The bundles should be brought to court on the first day of the trial. You may be asked to obtain further statements at court and should have statement forms with you.
You should also ensure you have spare copies of the bundles for the court and the jury, and that you bring all non-documentary exhibits with you to court.
You should supply details of your costs, including witness expenses, to your legal adviser well in advance of the hearing, so that a costs schedule may be prepared. Complex cases that are likely to go to the Crown Court and last more than four weeks should be managed in accordance with the Protocol for the control and management of heavy fraud and other complex criminal cases 4which sets out best practice and gives guidance to investigators, prosecutors, defendants and judges.

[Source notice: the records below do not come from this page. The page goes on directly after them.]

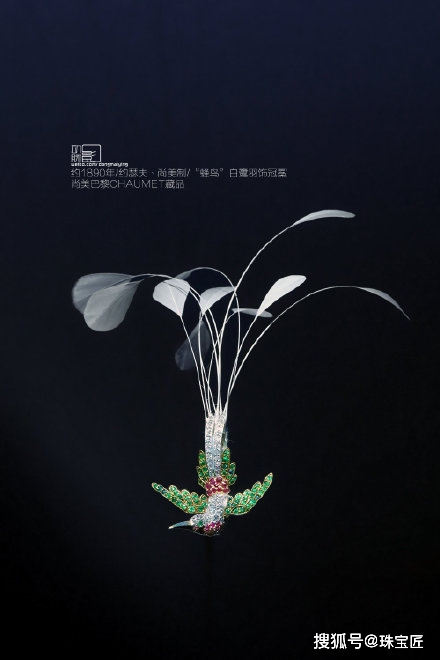 蜂鸟,体态娇小,行动敏捷。这顶冠冕以金、银、宝石打造出蜂鸟的外形,并用羽毛来还原灵巧轻盈之态,构思十分巧妙。
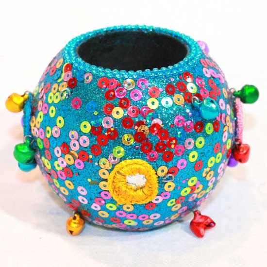 The picture showcases a splendid handmade candle holder in round shape with a glittering surface. The unique candle holder is decorated with colorful sequins and small bells for added attractiveness. This holder will add a touch of exotic flavor to your home decoration.
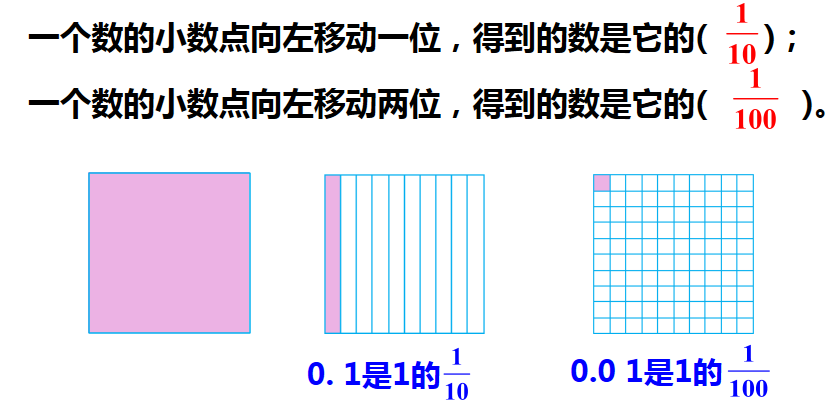 (1)小数点向左移动一位,小数就缩小为原数的
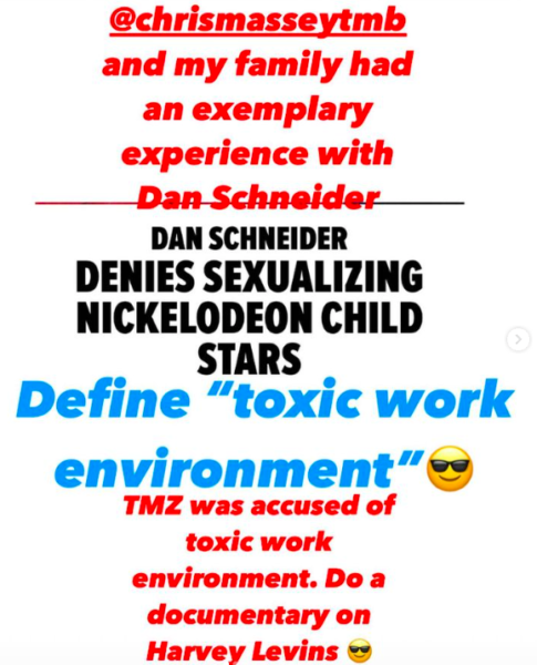 “@chrismasseytmb and my family had an exemplary experience with Dan Schneider / Define “toxic work environment” / TMZ was accused of toxic work environment. Do a documentary on Harvey Levins”
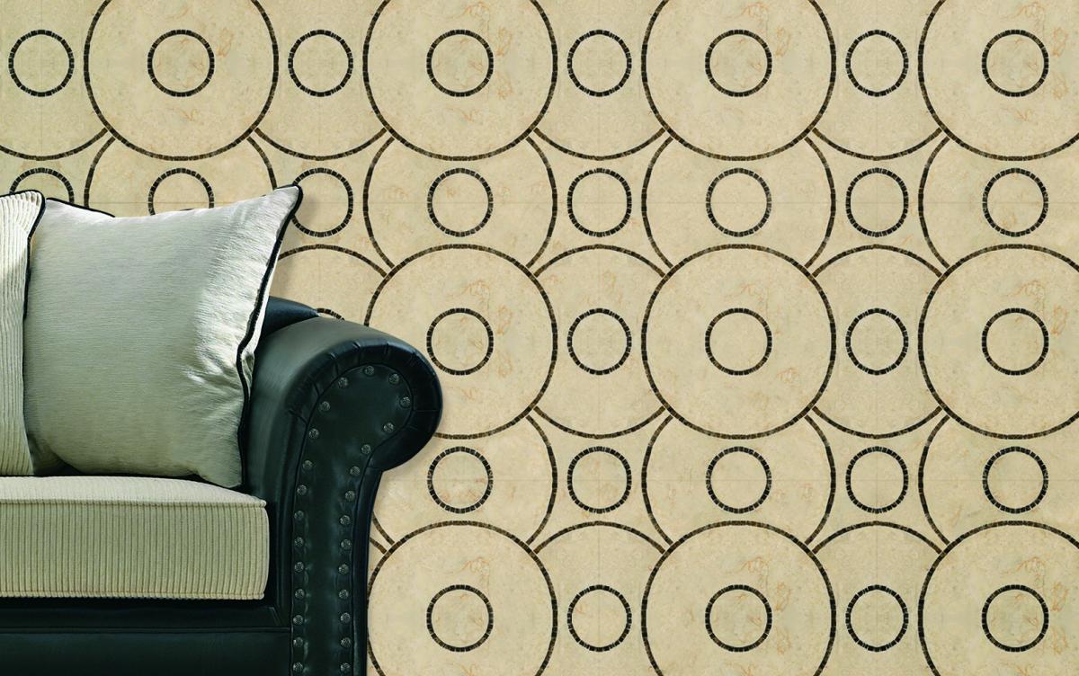 Могут использоваться как для стен, так и на пол. Плитка (600х600 мм с узором «Круги»)
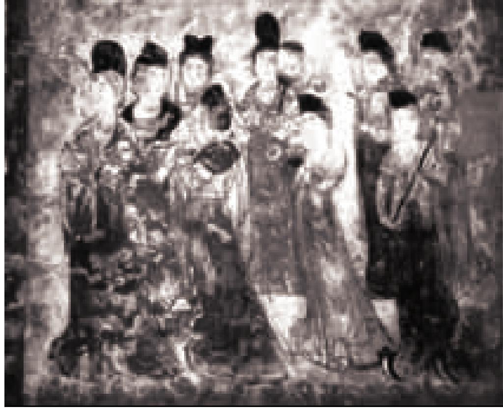 | 释义 | 永泰公主墓壁画宫女图yongtaigongzhu mu bihua gongnütu1960年乾县乾陵公社(今城关镇)唐永泰公主李仙蕙墓出土。4幅。一幅绘于墓内前室东壁南部,高179厘米,宽210厘米,绘有宫女7人,共9人,头梳高髻、螺髻、双螺髻。身穿窄袖袒胸襦衫,肩披帛巾,下穿红、绿、黄色曳地长裙,裙下露如意云头履尖。分别手持烛台、团扇、如意、方盒、盆、高足杯等物,侧身缓行。一幅绘于墓内前室东壁北部,高179厘米,宽210厘米,绘有宫女7人,5人分别着红、黄、绿色曳地长裙,肩披长巾,梳单髻、螺髻、双螺髻、高髻,2人着男装,其中1人戴黑色幞头,穿黄色翻领长袍,1人着圆领长袍,下穿波斯条纹裤。宫女分别手持蜡烛、杯、方盒、包裹、团扇等,缓步向前。一幅绘于墓内西壁南部,绘有宫女9人。为首一人头梳高髻,着白襦绿裙,披红色披巾,双手挽巾抱于胸前。最后一人头戴黑幞头,着圆领红袍,穿波斯条纹裤,作男装。中间七人分别梳单髻、双髻,着窄袖襦衫,穿黄、红、绿色曳地长裙,肩披长巾,手捧杯、盘、漆奁、拂尘等生活用品,跟随为首一人缓步前行。一幅绘于墓内北壁西部,绘宫女2人。为首一人头梳高髻,着白襦红裙,裙下露云形履头,双手挽披巾抱于胸前。后者梳双螺髻,着窄袖襦衫,穿绿色曳地长裙,双手抱一漆奁,紧随其后。此四幅宫女图生动地反映了当时豪华的宫廷生活。墓主葬于大足元年(701)。现藏陕西历史博物馆。
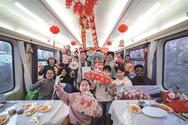 在歌聲、鼓聲、歡笑聲中,出鍋的餃子讓跨年列車的車廂年味更濃,把“春運(yùn)回家”這一樸素而又濃烈的幸福感,通過舌尖味蕾傳遞,把“團(tuán)圓便是年”“回家的路就是最美的風(fēng)景”,通過餃子這一代表著中國(guó)人情愫強(qiáng)烈的文化符號(hào),將天南海北奔赴山海的人們團(tuán)聚在列車、歡度在旅途。
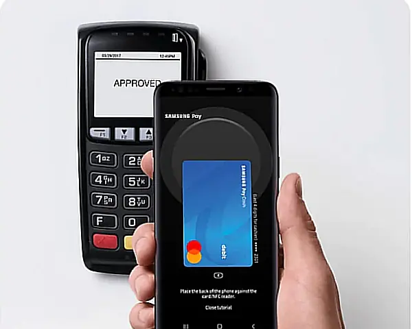 Samsung Pay, kablosuz teknolojiyi destekleyen makinelerde ödeme yapmak için telefonda NFC teknolojisini kullanır. Telefon makinenin yakınına yerleştirildiğinde kart bilgileriniz NFC özellikli ödeme terminaline aktarılır.
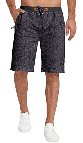 KUYIGO herrshorts sommar, casual dragsko, ljus sport shorts dragkedja, fickor, stretch bomullsshorts,Storlek S-3XL, Mörkgrå, XXL
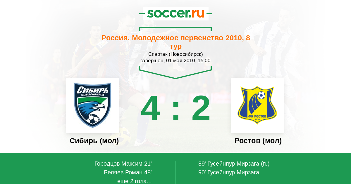 Протокол матча Сибирь (мол) против Ростов (мол)
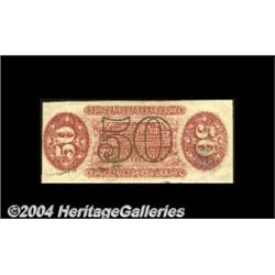 Fr. 1355 50c Third Issue Justice Choice New. Tight at the right, but an otherwise lovely example of this hand-signed Red Back Justice, with deep, original embossing, bold signatures and good color. <BR><BR><B>Important notice:</B> Heritage usually auctions material at the rate of 200-250 lots per hour. On some occasions eBay Live bid software or the Internet may not be able to keep up with the pace of the auction. We recommend placing a realistic absentee bid now as insurance to avoid disappointment. Occasionally the auctioneer may eliminate or reject an eBay Live bid, and the auctioneer may also reopen a lot after the close of the eBay live bidding (usually because we missed an audience bid), and may reject your bid even if it shows you as the winning bidder. By bidding via eBay Live, you agree that Heritage may award the lot to another bidder at its sole discretion under the circumstances described above or any other reasonable circumstances. Since eBay bids are not shown to us until we open the lot on the floor, we treat those bids just like floor bids. In most cases the floor responds before the eBay bid is presented to us, due to Internet lag time, so for consistency we have made it a policy that floor bids are always considered first over tie eBay live bids. Also please note that all Heritage lots purchased through eBay Live carry a 20% Buyer's Premium. Please make sure you read the Terms and Conditions before you bid. <BR><BR><B>IMPORTANT ANNOUNCEMENT ABOUT RESERVES:</B> Heritage now divulges all reserves on its web site 7 days before every auction. If you want to know whether the reserve on this lot has been met, and if not, what the reserve amount is, please visit this lot page on the HeritageCoin.com web site, or email: bid@HeritageGalleries.com

Legal Adviser's Office LAO or a solicitor agent will manage cases that fall within the Protocol, the key points of which are as follows: Interviews with suspects and witnesses should be managed effectively to ensure that they are relevant, well structured and of a length which can be properly presented to the court at trial. Interviewees should be provided in advance with relevant information, such as documents you intend to refer to during the interview.
A well structured interview will prevent time being lost in court; Disclosure of material to the defendant should be made in an effective and time efficient manner.